Business intelligence and analytics applications have changed significantly over the past three decades. As they expanded from basic statistical analysis and tabular reports to complex analytics with increasingly rich data visualizations, they've brought more and more insight to business decision-making.
Now, there's growing use of machine learning, natural language processing and other AI technologies to analyze data sets -- and a corresponding move that we're seeing from CPUs to GPUs in advanced analytics systems.
The path to today's GPU analytics platforms began with the advent of both the PC and gaming systems in the 1980s, which increased interest in developing ways to improve graphics on computer monitors and television screens.

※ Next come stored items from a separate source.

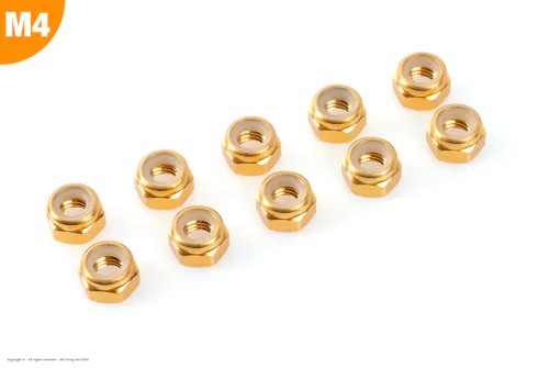 Zelfborgende zeskantmoer M4 "Gold", Aluminium (10st)
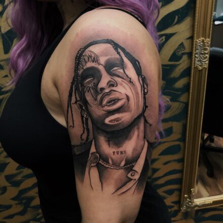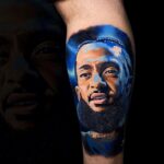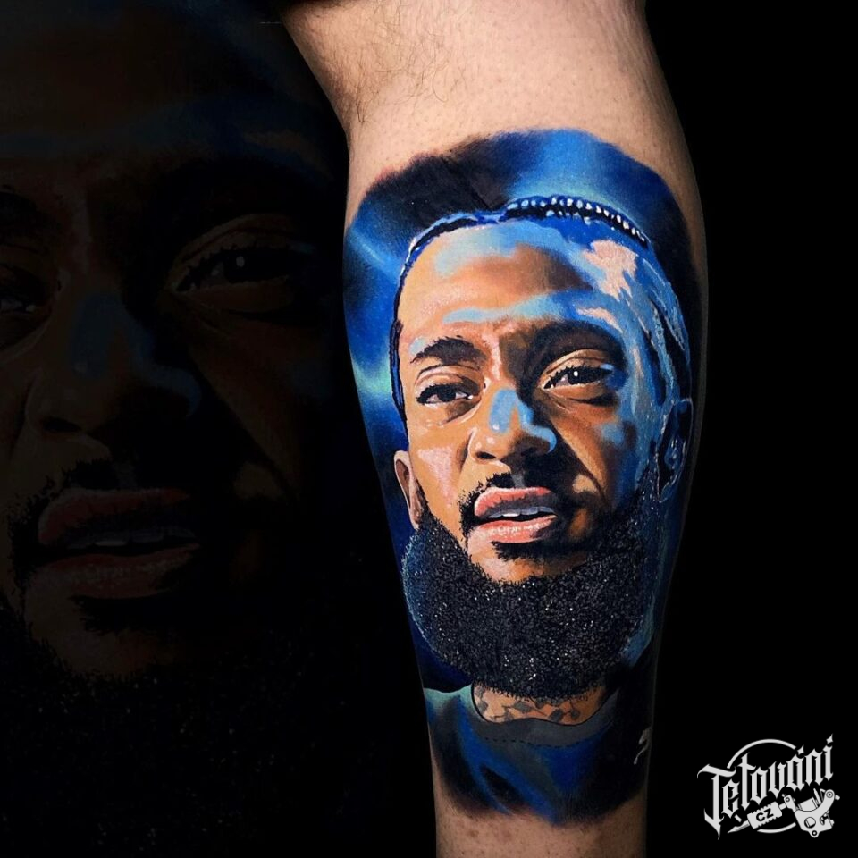Tetování osobnosti, portrét Nipsey Hussle na lýtku
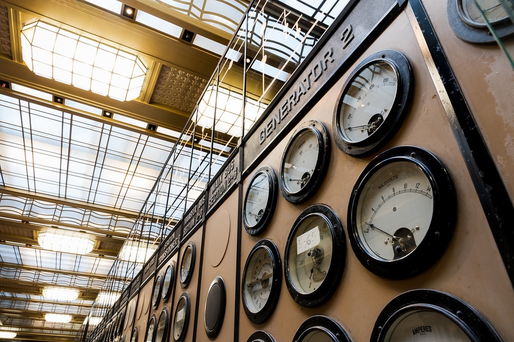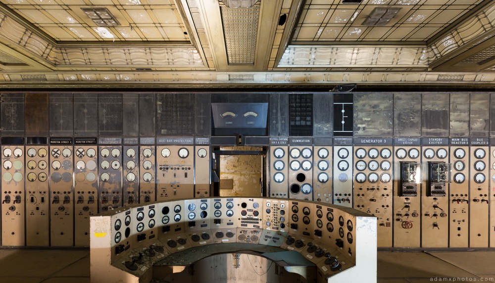 Some atmospheric portraits of the control rooms of the Battersea Power Station, during use, and before and after restoration.
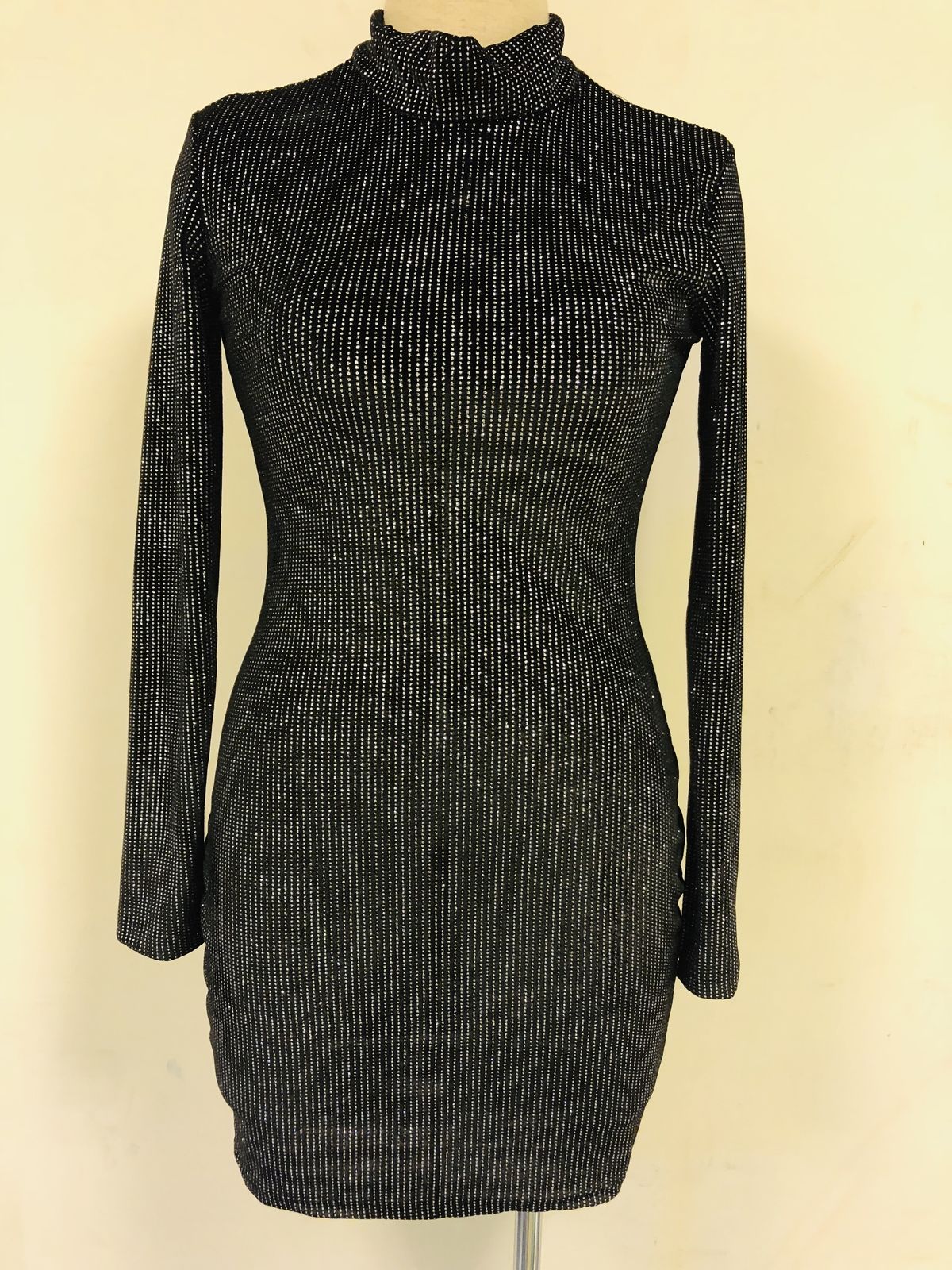 Women Long Sleeve Turtle Neck Sequin Jumper Knitwear Slim Mini Dress
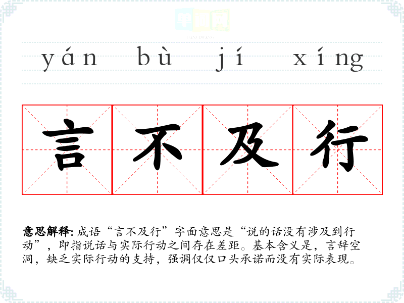 成语“言不及行”字面意思是“说的话没有涉及到行动”,即指说话与实际行动之间存在差距。基本含义是,言辞空洞,缺乏实际行动的支持,强调仅仅口头承诺而没有实际表现。
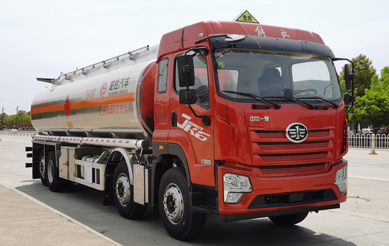 該車適用于危險品運輸,運送危險貨物車輛類型為:FL型.準運介質zui大密度:830千克/立方米,罐體總容量26.67立方米,罐體有效容積25.9立方米,罐體外形尺寸(長×寬×高)(mm):8000×2450×1700.側防護材料為鋁合金,螺栓連接;后防護材料為Q235,螺栓連接,截面尺寸80×140mm,下邊緣離地高490mm.該車排氣管前置,安裝限速裝置(限速79km/h),安裝前輪pan式制動及子午線輪胎,轉向輪安裝輪胎bao胎應急防護裝置,后軸采用空氣懸架,安裝帶有衛星定位功能的行駛記錄儀.EBS型號/生產廠家:EBS5/克諾爾制動系統(大連)有限公司.車輛第四軸為隨動橋,不可提升.發動機/油耗值(L/100km)對應關系為:CA6DLD-29E6/36.29.隨底盤選裝平頂駕駛室.該車可選裝直接供電式ETC車載裝置.罐體上部選裝上走道,第二軸選裝弧形膠制擋泥板或方形擋泥板,選裝左右側后部工具箱及左側工具箱樣式,選裝鐵制滅火器筒,選裝罐體兩側管箱樣式。
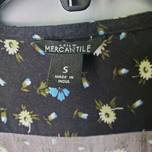 J.Crew Mercantile floral print wrap dress in navy with light blue and ivory flowers. Features a flattering wrap silhouette with side tie closure and short sleeves. Midi length.
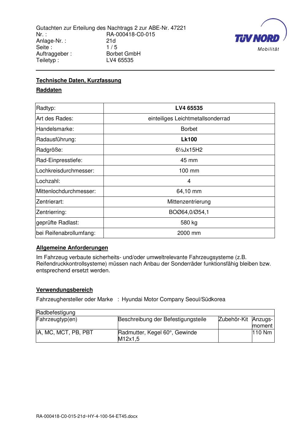 Dieses Gutachten (abe) bezieht sich auf die Alufelge Borbet LV4 65535 in der Ausführung ET 0, Mittenloch 0 mm (KBA 47221). Im PDF findest du typischerweise zulässige Reifengrößen, Auflagen/Anbauhinweise und – je nach Dokument – Hinweise zur Eintragung.
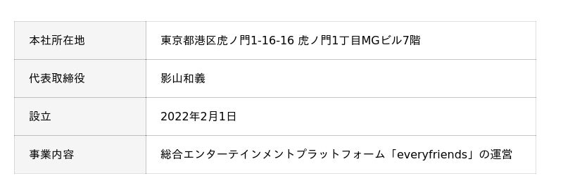 エブリライブ株式会社 会社概要
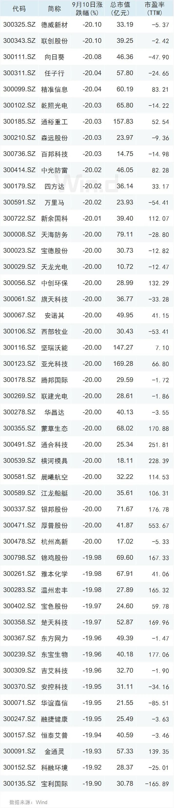 截至9月10日收盘,有德威新材、联创股份、向日葵、任子行、精准信息、乾照光电、通裕重工、森远股份、百邦科技、中光防雷、四方达、万里马等48家公司跌停。
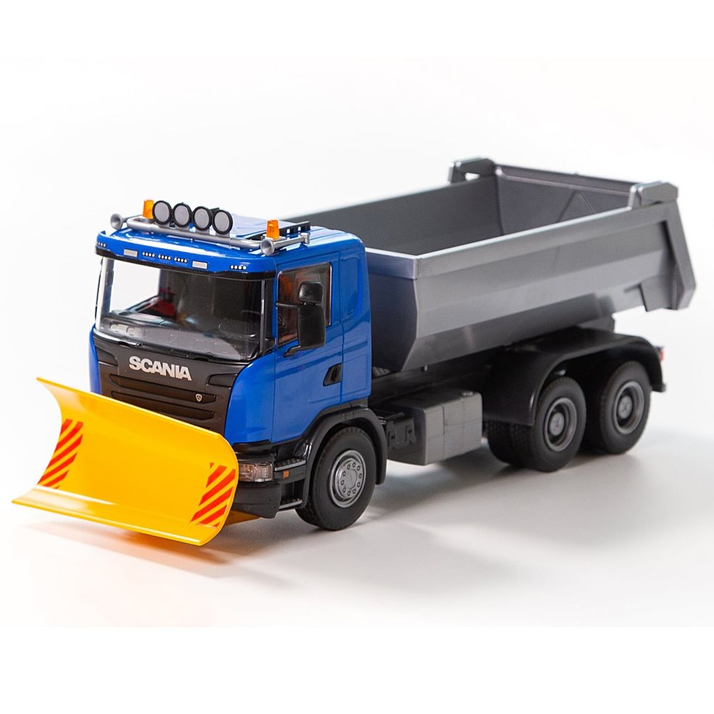Blå Scania-plovvogn med tippelad fra det finske mærke EMEK. Plovvognen er 34 cm (skala 1:25).
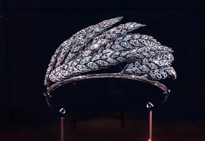 亮点展品有Chaumet品牌创始人马利-艾虔·尼铎(Marie-Etienne Nitot)创作的麦穗冠冕。与这顶充满代表性的冠冕一同展出的有拉乌尔·杜菲(Raoul Dufy)绘制的田野主题画作,以及一件由伊夫·圣罗兰(Yves Saint Laurent)设计、绣有玉米穗图案的外套,巧妙地将不同艺术家、不同品牌的同一主题藏品,设置于一个场景之中,展现出珠宝与艺术作品之间的丰富联系。
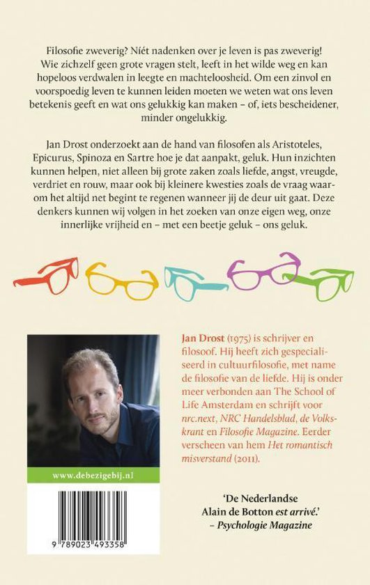Jan Drost onderzoekt aan de hand van filosofen als Aristoteles, Epicurus, Spinoza en Sartre hoe je dat aanpakt, geluk. Hun inzichten kunnen helpen, niet alleen bij grote zaken zoals liefde, angst, vreugde, verdriet en rouw, maar ook bij kleinere kwesties zoals de vraag waarom het altijd net begint te regenen wanneer jij de deur uit gaat. Deze denkers kunnen wij volgen in het zoeken van onze eigen weg, onze innerlijke vrijheid en – met een beetje geluk – ons geluk.
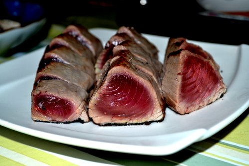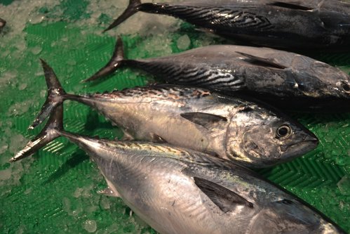 這是台南最常見的鰹魚,冬天可以在安平港防波堤釣到,近海流刺網漁民也能捕獲,照片裡的鰹魚來自小型漁船用手釣方式一尾一尾捕獲,品質相當好,在清明之前油脂肥厚,生魚片滋味勝過鮪魚。鰹魚的營養價值相當高,但就像牛肉容易因為烹調過度而老化,所以掌握火候很重要,切薄一點用熱油快速煎熟比較能保存肉汁。
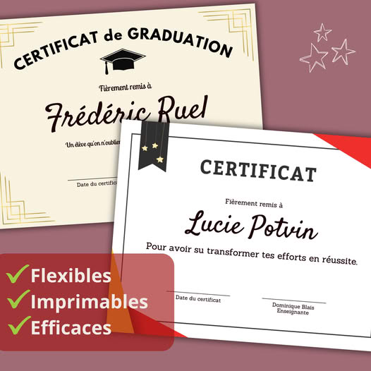 C'est la semaine de la persévérance scolaire ✨ Offrez des certificats personnalisés à vos élèves!

General-purpose CPUs do a lot of things but are linear in their approach to computational processing, even with parallelism incorporated into them. To display information on a screen, the typical method with CPUs was to process pixels line by line, one pixel at a time. But the people who were creating games and other visual applications wanted a faster way to do graphics.
Rather than drawing pixels one at a time in a line, what if an entire image was developed in memory in the form of a matrix and pushed to the screen, and then only pixels that needed to be updated were redrawn to change the image? That's a simplistic way of looking at the basics of GPU processing. But, put into practice, it rapidly improved graphics performance.
From gaming to deep learning on GPUs
While there were other early devices, the Nvidia GeForce 256, introduced in 1999, was the one that first popularized the GPU. Today, Nvidia continues to be the most prominent provider of GPUs. For many years, it focused almost exclusively on computer gaming. Then the concept of deep learning began to take hold in data science and analytics teams.
An advanced form of machine learning, deep learning uses neural networks that are designed to work like the human brain does. In deep learning applications, neural networks contain multiple layers of nodes in a matrix, with each node performing calculations as part of an analytical model.
What some programmers realized is that they could use the matrix multiplication power of GPUs to increase the performance of models across a deep learning matrix, taking advantage of far more parallelism than is possible with conventional CPUs. They first used standard graphics-focused GPUs, and vendors soon created servers with arrays of the devices for even more processing power.
Eventually, the vendors realized the full market potential for GPU analytics technology in deep learning applications. Nvidia, Intel, AMD and others began to create GPUs for deep learning uses in particular, along with related software. While an argument could be made that doing so no longer makes those devices GPUs, the name hasn't been changed. What is changing now is that developers of other types of analytics applications have realized GPUs can help them, too.
For example, GPUs are well suited to process and analyze geospatial data, which uses a similar matrix format when it's arrayed in raster data models. In addition, the growth of IoT networks means there are a lot of connected devices scattered over a large landscape in organizations, transmitting operational data that's also a good match for GPU-based platforms -- often combined with geospatial analysis.
New platforms target broader use of GPUs
A group of startup vendors has begun offering GPU analytics and database systems outside of the deep learning market. Those companies include BlazingDB, Brytlyt, Kinetica, SQream DB and OmniSci, which provides a platform for analytical processing with GPUs both on premises and in the cloud. While OmniSci clearly is addressing geospatial applications, its OmniSciDB platform isn't limited to them.
"Geospatial analysis is only one key area of analytics that can be improved through the use of GPUs," said Todd Mostak, co-founder and CEO of OmniSci, which originally was known as MapD Technologies. GPU-driven analytics is also being applied to help optimize operational performance and customer service "in complex environments," such as telecommunications and utility companies, Mostak added.
Those are two sectors where managing and analyzing all the data collected from sources like cell towers and smart meters is a critical challenge. For a telecom company, combining usage data from existing cell towers with topography data is a key element in planning the optimal placement of new towers.
In the utility industry, sensors and smart meters capture information from the power generation plant through the transmission network and into the homes and offices of customers. As the use of green technology grows, more generation sites are added and utilities face the need to track consumption of electricity from multiple providers, the complexity of the data that's being captured continues to increase. The oil and gas sector has similar issues, with sensors producing massive amounts of data during exploration, production, transmission and refining.
In those cases and others, data scientists and analysts in companies need a way to rapidly analyze the incoming data. GPUs can help accelerate the analysis process. Deep learning on GPUs remains a core use for the devices, but what has been learned from their deployment in deep learning applications is now being adapted to provide a broader set of GPU analytics capabilities for users.